Task input:
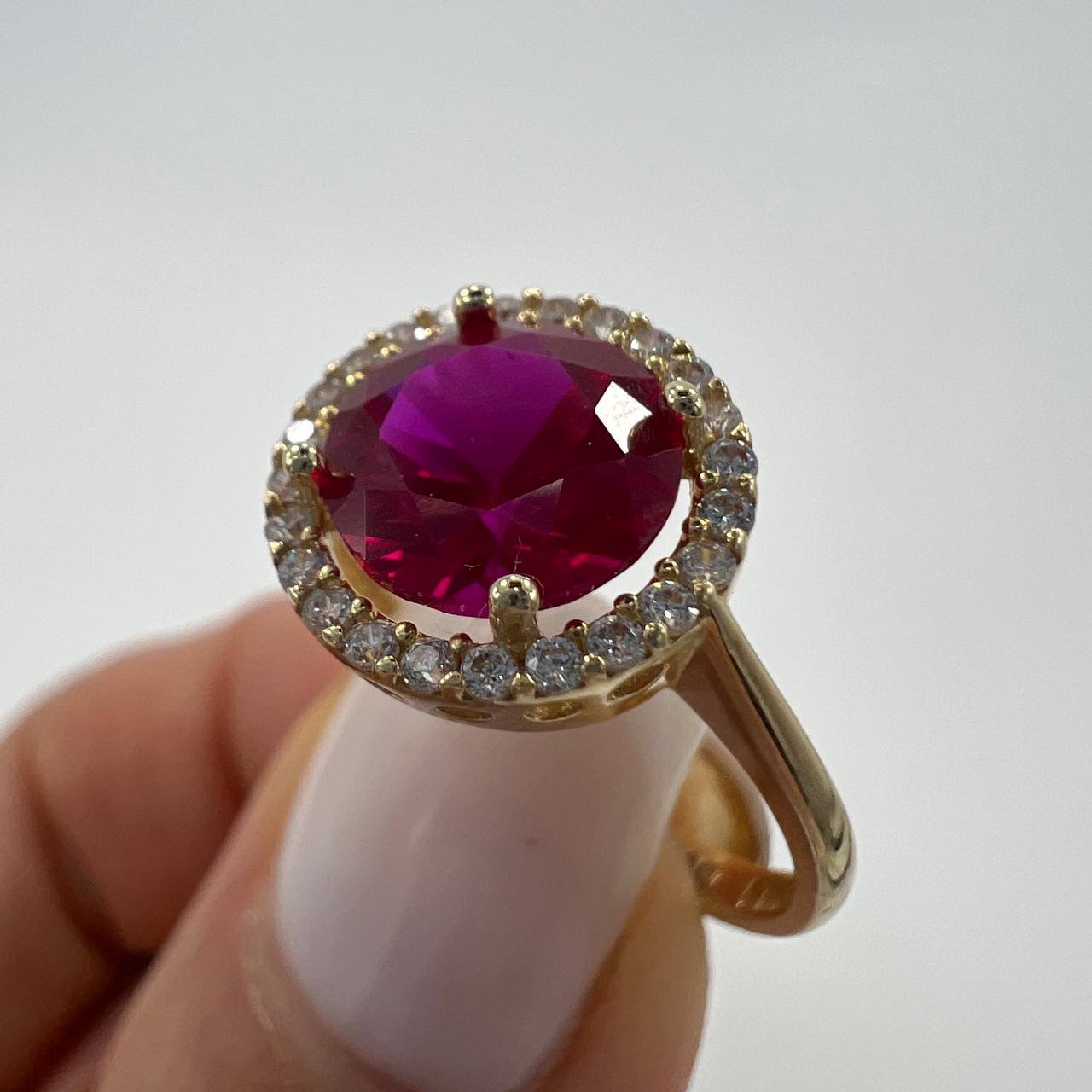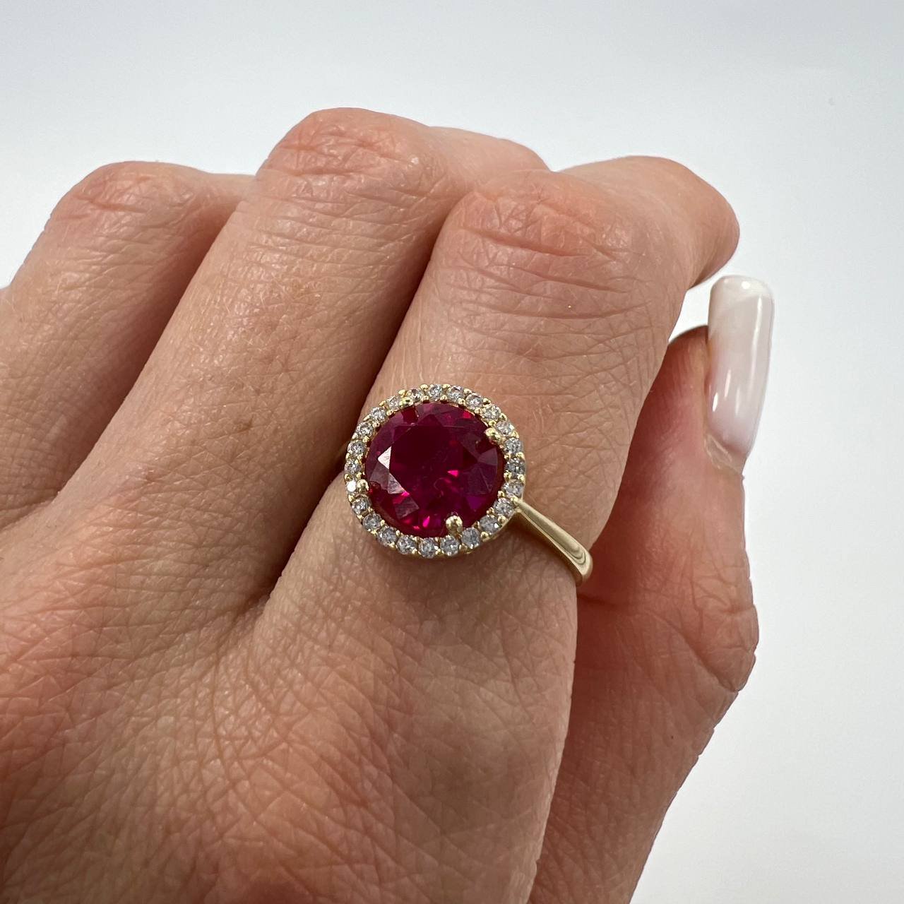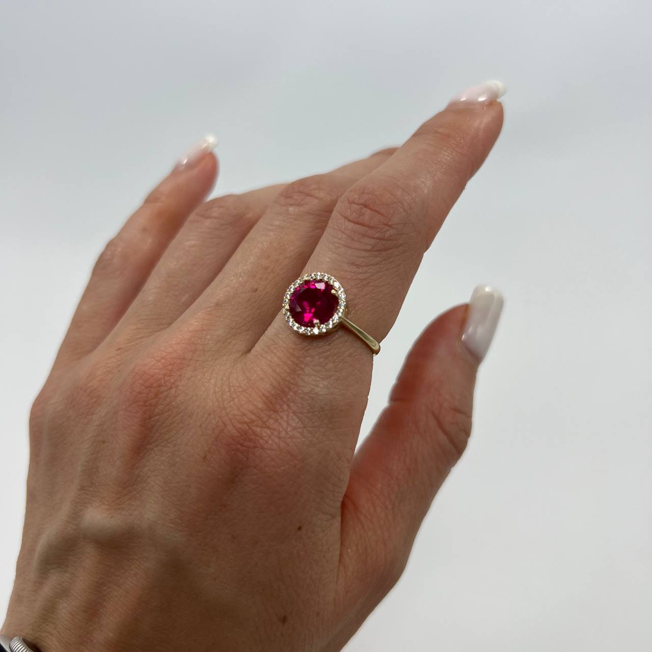 Crafted in polished 14K yellow gold, this ring features a classic round halo design that exudes sophistication. The central ruby-red gemstone is secured in a refined prong setting, allowing light to reflect through with maximum sparkle. The surrounding halo of clear stones adds depth, brilliance, and an air of luxury, making this piece equally perfect for everyday glamour or evening occasions.
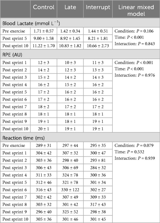 Blood lactate, RPE and reaction time responses to the repeated sprint cycling protocol are presented in Table 1. There was no effect of condition (P = 0.106), or condition by sprint interaction (P = 0.843), for blood lactate. A main effect of condition (P < 0.001) was observed for RPE. Compared to Control, RPE was always lower in Late (MD −1 AU, 95% CI −2 to −1, P < 0.001) and Interrupt (MD −1 AU, 95% CI −1 to 0, P < 0.001). RPE was also lower in Late compared to Interrupt (MD −1 AU, 95% CI −1 to 0, P < 0.001). There was no condition by sprint number interaction (P = 0.976).
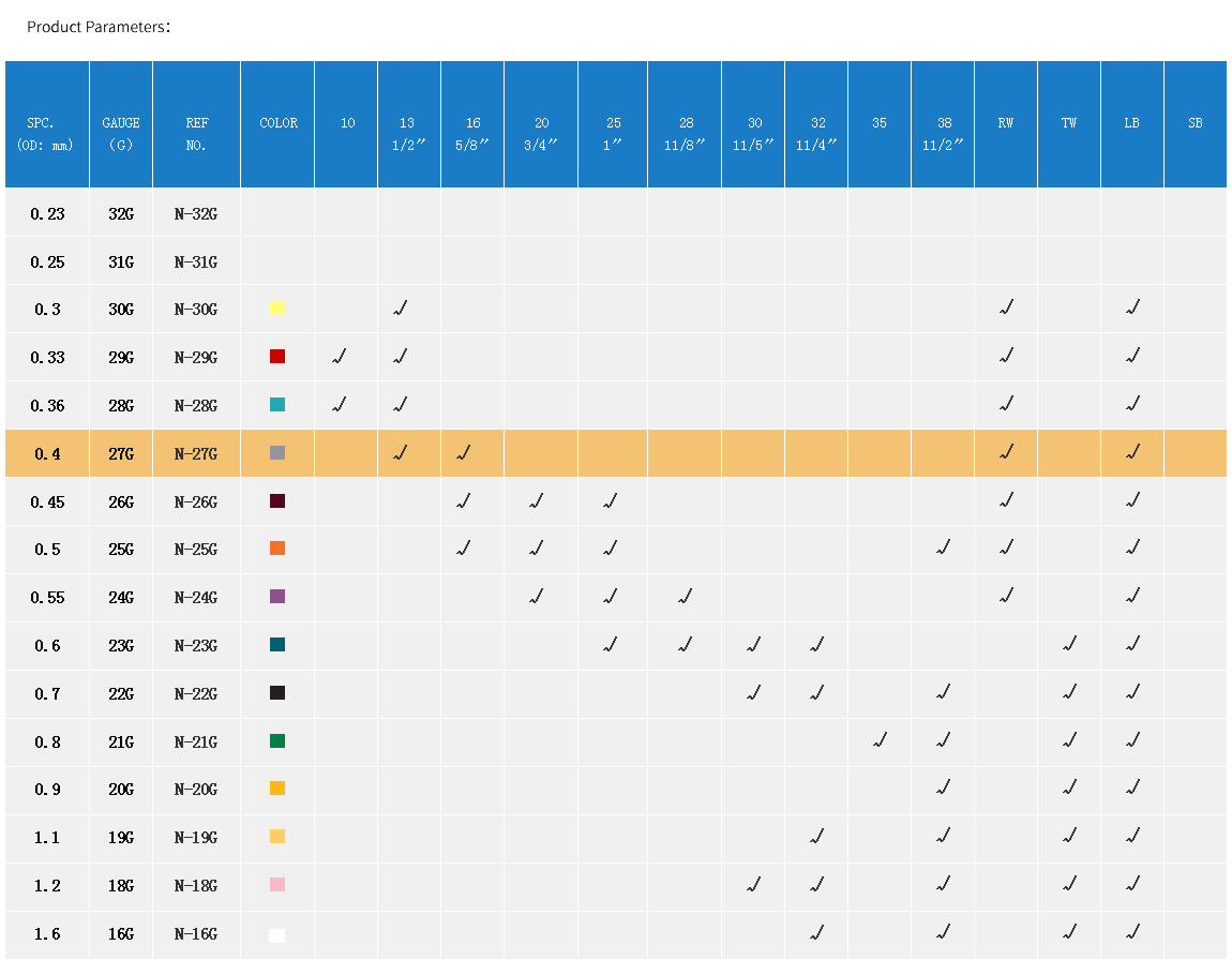 Product Name:Hypodermic needle  REF-N-27G-0.4MM
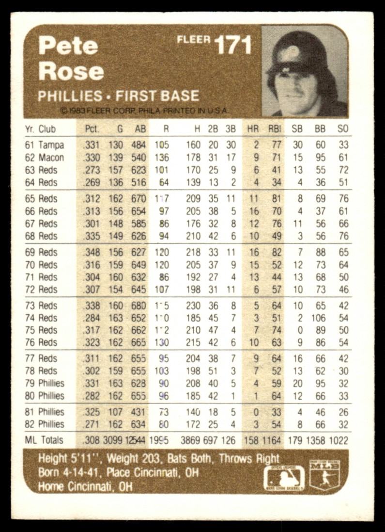 | Description: | Pete Rose | | Category: | Baseball | | Year: | 1983 | | Product: | Fleer | | Team: | Philadelphia Phillies | | Card Number: | 171 | | Dimensions: | 3½" x 2½" | | SKU: | BL 012024 R10 G (66) |
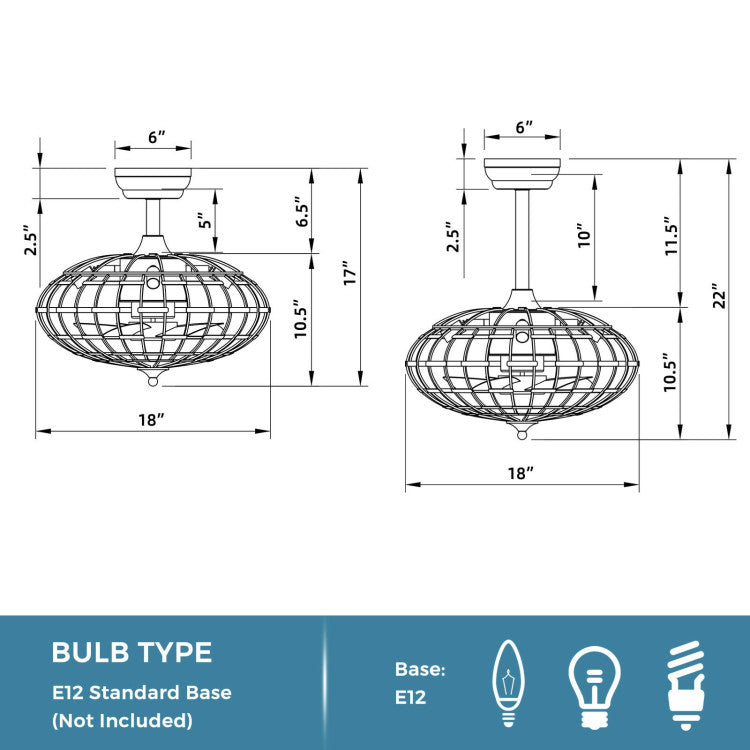 Note: Recommended to use 4 x E12 bulbs (not included)
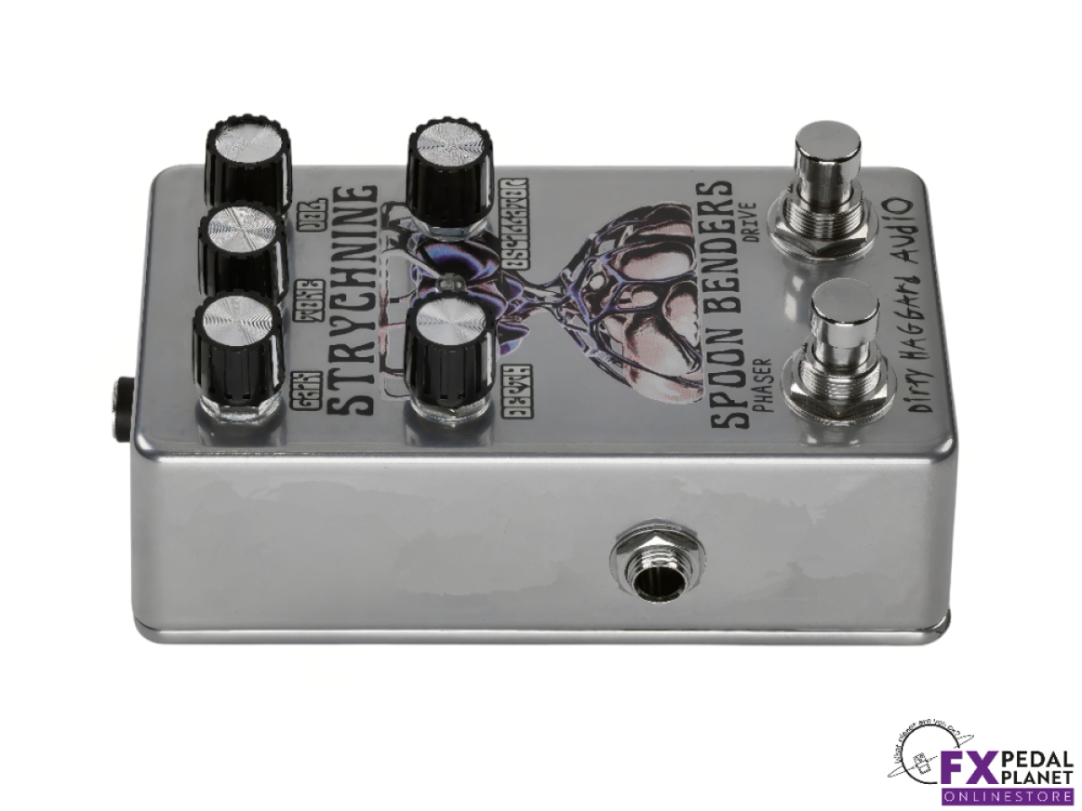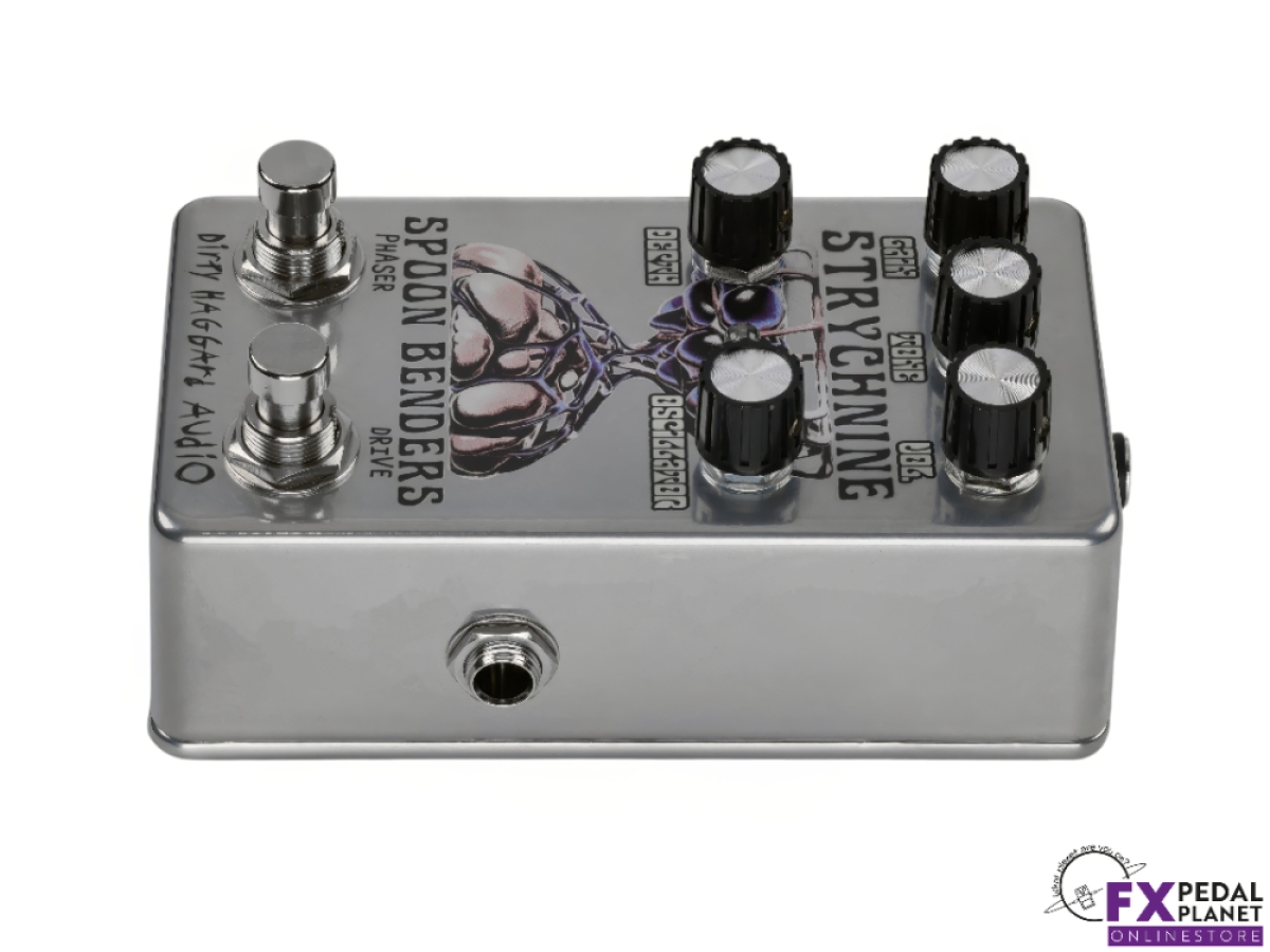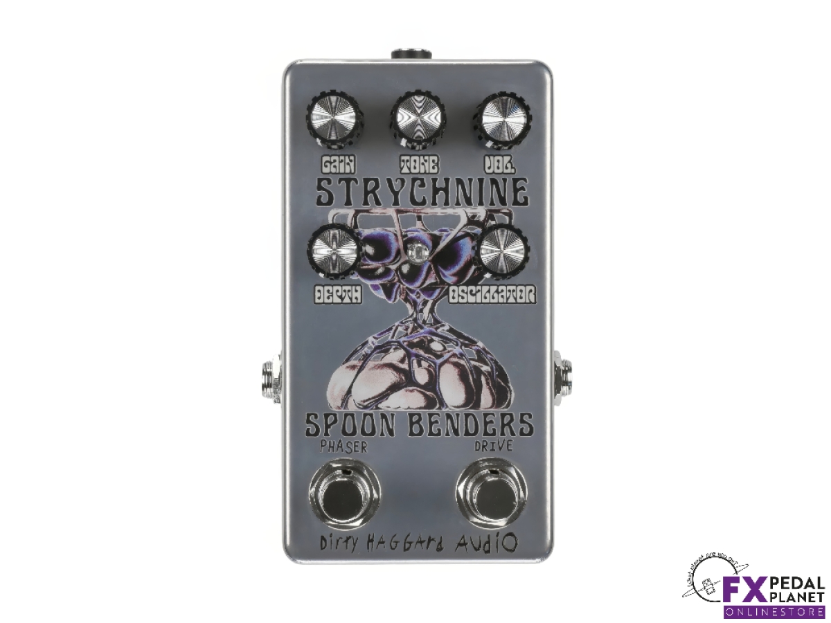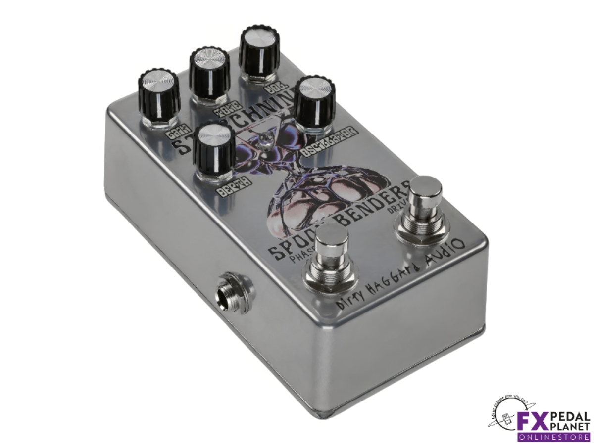 The Dirty Haggard Strychnine pedal is a two in one effects unit born from a collaboration with Portland psych rock outfit Spoon Benders. It combines an overdrive circuit and a playful phaser into a single compact stompbox, allowing guitarists and bassists to flex between gritty drive and swirling modulation, or dial both in together. Designed with versatility in mind, it integrates smoothly into pedalboards with dedicated outputs and buffered circuits on each side.

Work request: Would it be possible to reproduce the material word for word, images omitted?

Answer to the exercise:
 Crafted in polished 14K yellow gold, this ring features a classic round halo design that exudes sophistication. The central ruby-red gemstone is secured in a refined prong setting, allowing light to reflect through with maximum sparkle. The surrounding halo of clear stones adds depth, brilliance, and an air of luxury, making this piece equally perfect for everyday glamour or evening occasions.
 Blood lactate, RPE and reaction time responses to the repeated sprint cycling protocol are presented in Table 1. There was no effect of condition (P = 0.106), or condition by sprint interaction (P = 0.843), for blood lactate. A main effect of condition (P < 0.001) was observed for RPE. Compared to Control, RPE was always lower in Late (MD −1 AU, 95% CI −2 to −1, P < 0.001) and Interrupt (MD −1 AU, 95% CI −1 to 0, P < 0.001). RPE was also lower in Late compared to Interrupt (MD −1 AU, 95% CI −1 to 0, P < 0.001). There was no condition by sprint number interaction (P = 0.976).
 Product Name:Hypodermic needle  REF-N-27G-0.4MM
 | Description: | Pete Rose | | Category: | Baseball | | Year: | 1983 | | Product: | Fleer | | Team: | Philadelphia Phillies | | Card Number: | 171 | | Dimensions: | 3½" x 2½" | | SKU: | BL 012024 R10 G (66) |
 Note: Recommended to use 4 x E12 bulbs (not included)
 The Dirty Haggard Strychnine pedal is a two in one effects unit born from a collaboration with Portland psych rock outfit Spoon Benders. It combines an overdrive circuit and a playful phaser into a single compact stompbox, allowing guitarists and bassists to flex between gritty drive and swirling modulation, or dial both in together. Designed with versatility in mind, it integrates smoothly into pedalboards with dedicated outputs and buffered circuits on each side.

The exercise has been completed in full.